Pada intinya, dakwah harus dievaluasi, agar harakah dakwah tidak hanya menjadi simbol yang substansinya telah beralih pada sektor lain yang jauh dari nilai-nilai dakwah itu sendiri. Mudah–mudahan ayat ini menjadi bahan evaluasi bagi dakwah yang sama-sama kita lakukan: Katakanlah: “Inilah jalan (agama) ku, aku dan orang-orang yang mengikutiku mengajak (kamu) kepada Allah dengan hujjah yang nyata, Maha Suci Allah, dan aku tiada termasuk orang-orang yang musyrik”. [QS. Yusuf (12): 108]

Ukhwah Islamiyah

Semua orang yang berakal pasti sepakat bahwa persatuan itu sangat penting dan dibutuhkan oleh umat yang menginginkan kemenengan. Sungguh, syari’at telah memperhatikan hal itu dan bagaimana menjaganya.

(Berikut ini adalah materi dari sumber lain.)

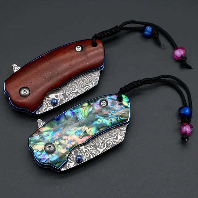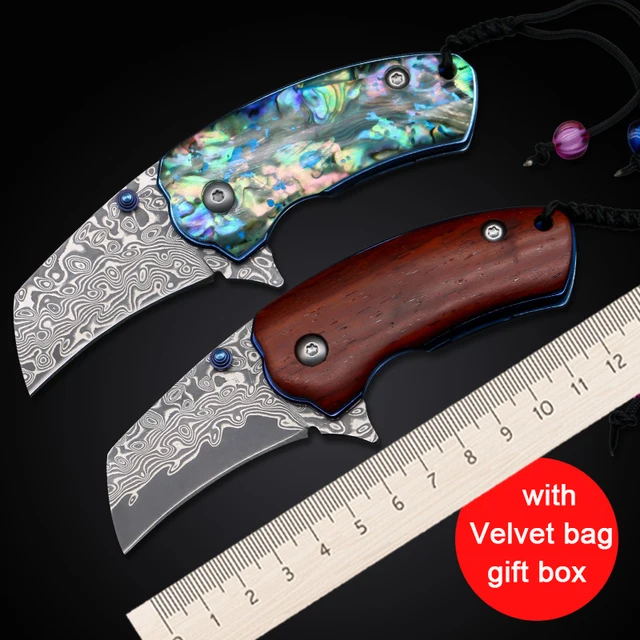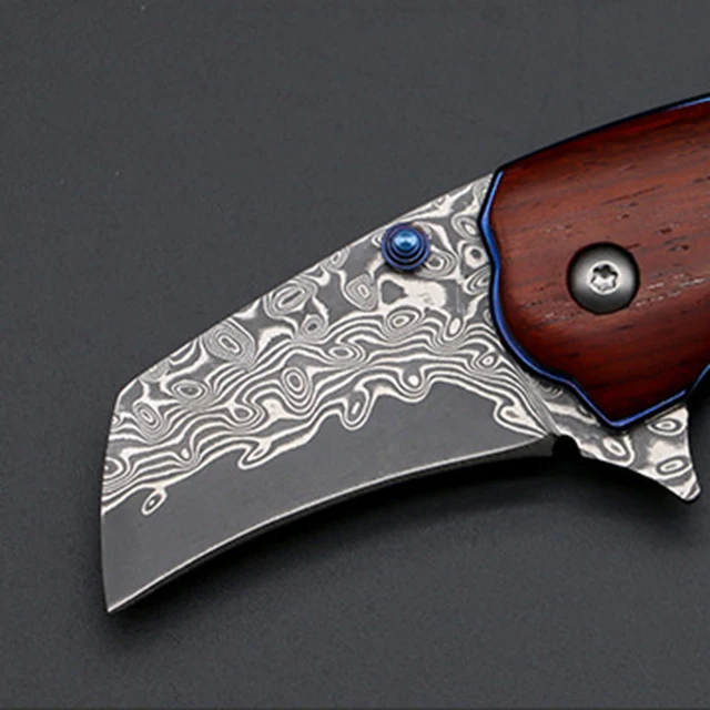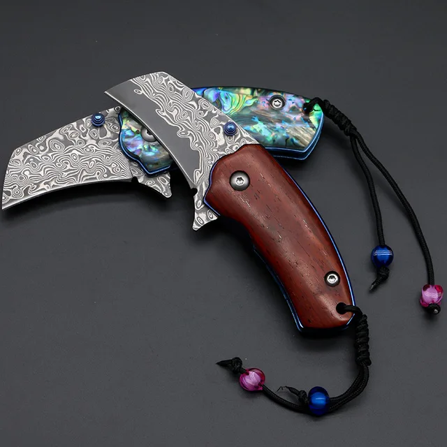 | [해외] 야외 도구 접이식 다마스커스 강철 블레이드 캠핑 나이프 미니 수행 높은 경도 전술 Friut 생존 방어 사냥 EF30 |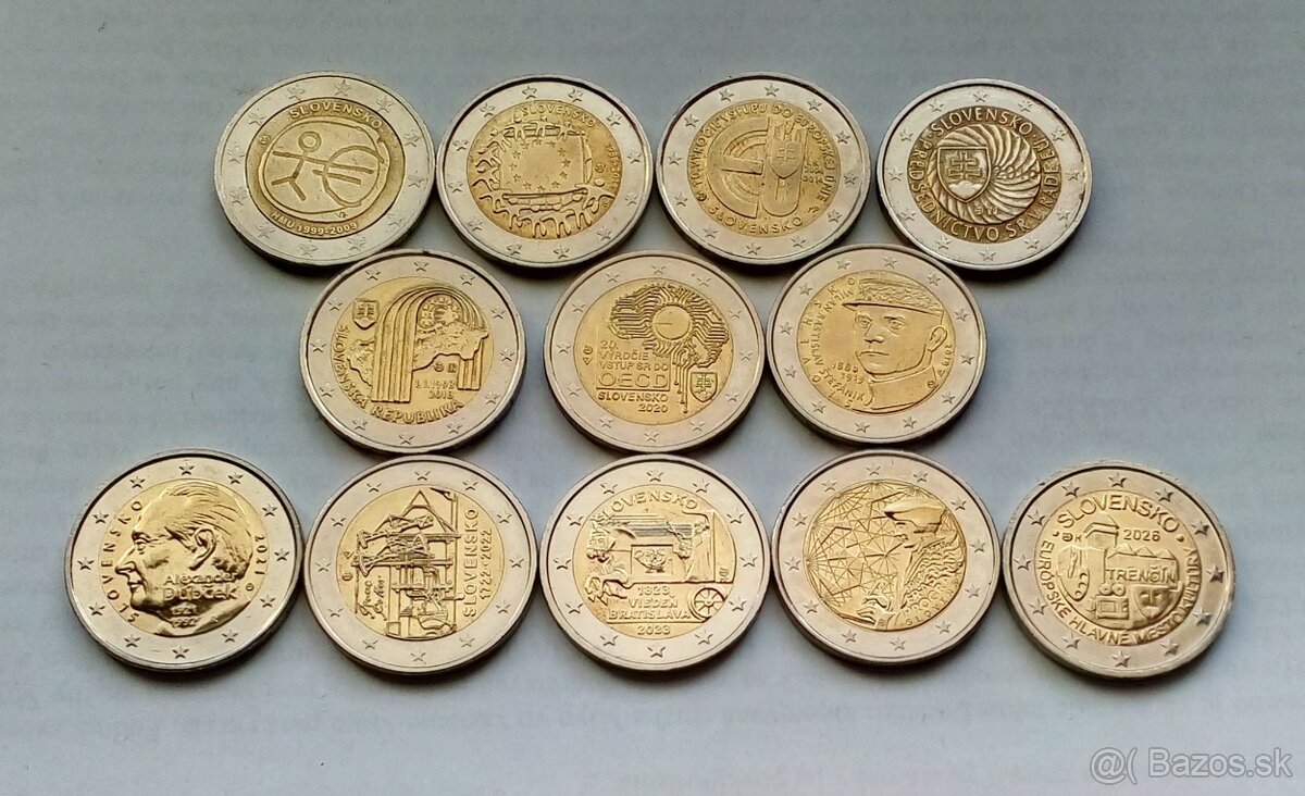 Predám 12 ks slovenských 2 € pamätných mincí za 26 €. Len osobne BN,PE,PD,TR,ZA. Spodný rad sú UNC mince.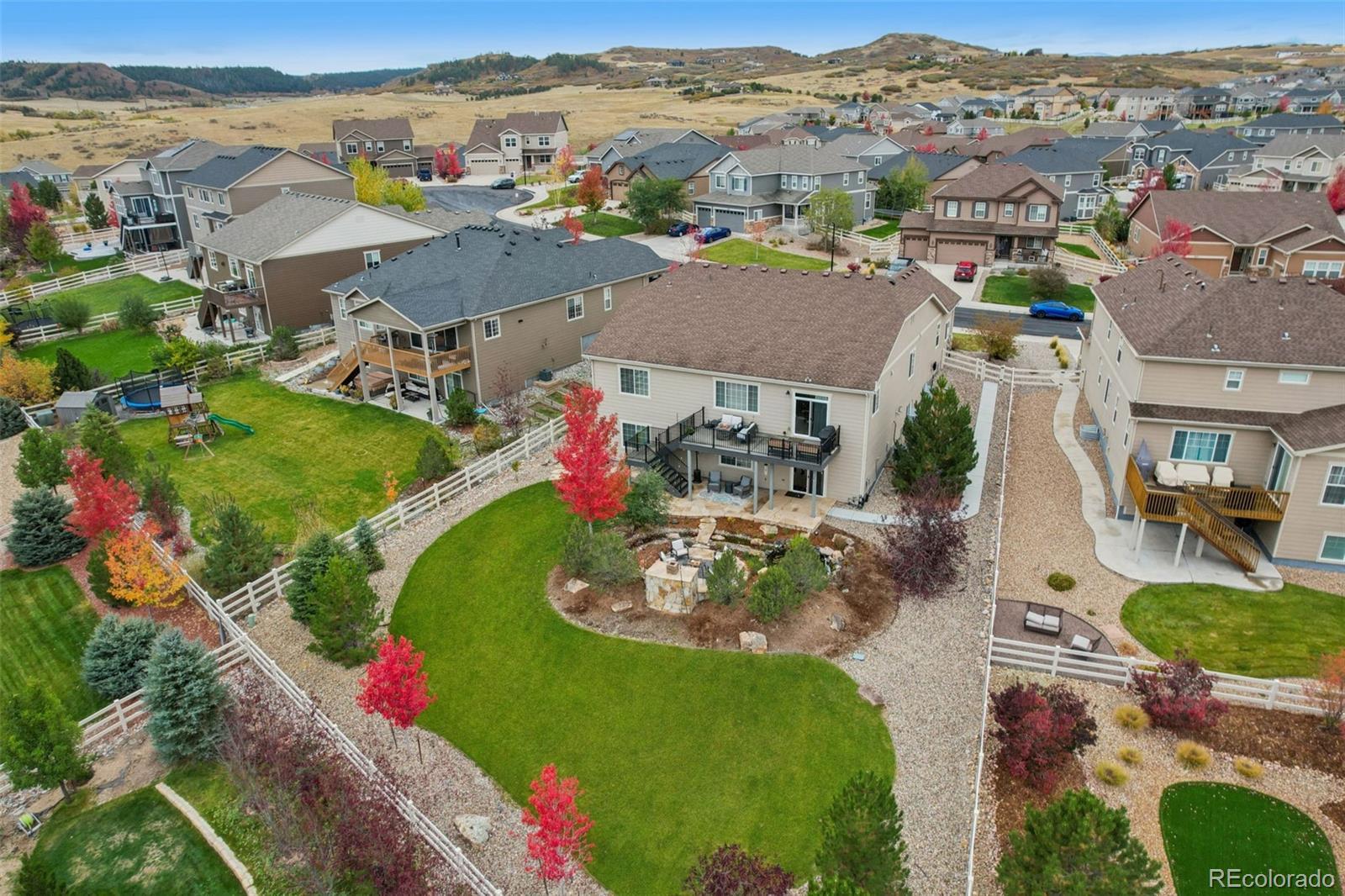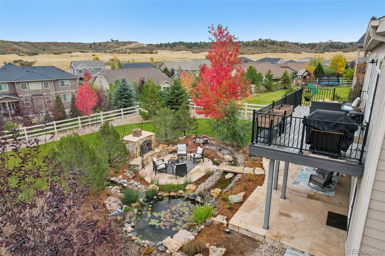 Seller is now offering $10,000 to the buyer at closing to go towards closing cost or interest rate buy down just in time to close before the holidays!!!! Welcome to your new home, a place where serene landscapes meet refined living. This exceptional residence sits on a generously sized lot and delivers nearly 4,900 square feet of thoughtfully appointed interior space, offering both grand scale and intimate comfort. As you step inside, you’ll be drawn to a home built for entertaining and everyday enjoyment alike. The chef's kiss gourmet kitchen impresses with its expansive layout, abundant custom cabinetry, premium appliances, and an oversized pantry. The centerpiece of the lower-level gathering area is a custom-built bar, fully equipped with a sink, wine cooler, full sized refrigerator, dishwasher, and kegerator — perfect for hosting and elevating every celebration. The interior flows with light and space, creating inviting zones for dining, relaxing, and socializing, all framed by walls of windows that capture sweeping views of the surrounding hills and open skies. Stepping outside where the newly expanded upper deck invites you to take in all the Colorado views. Home is equipped with Jellyfish lighting which provides year round outdoor lights ready for any holiday. Below you will find a beautifully and easily maintained koi pond that adds tranquil movement and a touch of Zen to your landscaping, while an outdoor fireplace anchors the patio — an al fresco hearth for cozy gatherings, quiet evenings, or weekend entertaining under the stars. Life in Crystal Valley brings the best of both worlds: peaceful mountain-view surroundings, yet easy access to the amenities, dining, shopping, and Colorado’s renowned outdoor recreation. This is more than a home — it’s a retreat, a gathering place, and a daily celebration of Colorado living!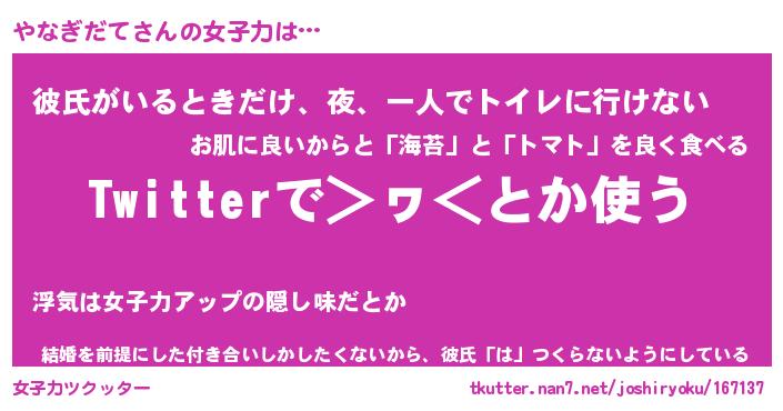 | ヘコむあだ名 | 『やなもー』『豆乳』『やなっぺ』 |

Pada akhir-akhir ini, berbagai perselisihan silih berganti. Perselisihan memang sudah kepastian yang akan terjadi pada umat. Tapi, perselisihan yang terjadi sekarang ini sudah melampaui batas sehingga perlu adanya wasiat dan pencerahan terhadap makna persatuan.
Di antara dalil-dalil yang menjelaskan akan pentingnya menyatukan barisan adalah sebagai berikut.

Nash-Nash dari Al-Qur’an

Sungguh Al-Qur’an telah menjaga persatuan umat. Hal ini dijelaskan dalam banyak ayat Al-Qur’an, di antaranya Allah Azzawajalla berfirman (yang artinya): “Hai orang-orang yang beriman, bertakwalah kepada Allah sebenar-benar takwa kepada-Nya; dan janganlah sekali-kali kamu mati melainkan dalam keadaan beragama Islam. Dan berpeganglah kamu semuanya kepada tali (agama) Allah, dan janganlah kamu bercerai berai, dan ingatlah akan nikmat Allah kepadamu ketika kamu dahulu (masa Jahiliyah) bermusuh-musuhan. Maka Allah mempersatukan hatimu, lalu menjadilah kamu karena nikmat Allah, orang-orang yang bersaudara; dan kamu telah berada di tepi jurang neraka, lalu Allah menyelamatkan kamu dari padanya. Demikianlah Allah menerangkan ayat-ayat-Nya kepadamu, agar kamu mendapat petunjuk.” (Ali-Imran: 102-103).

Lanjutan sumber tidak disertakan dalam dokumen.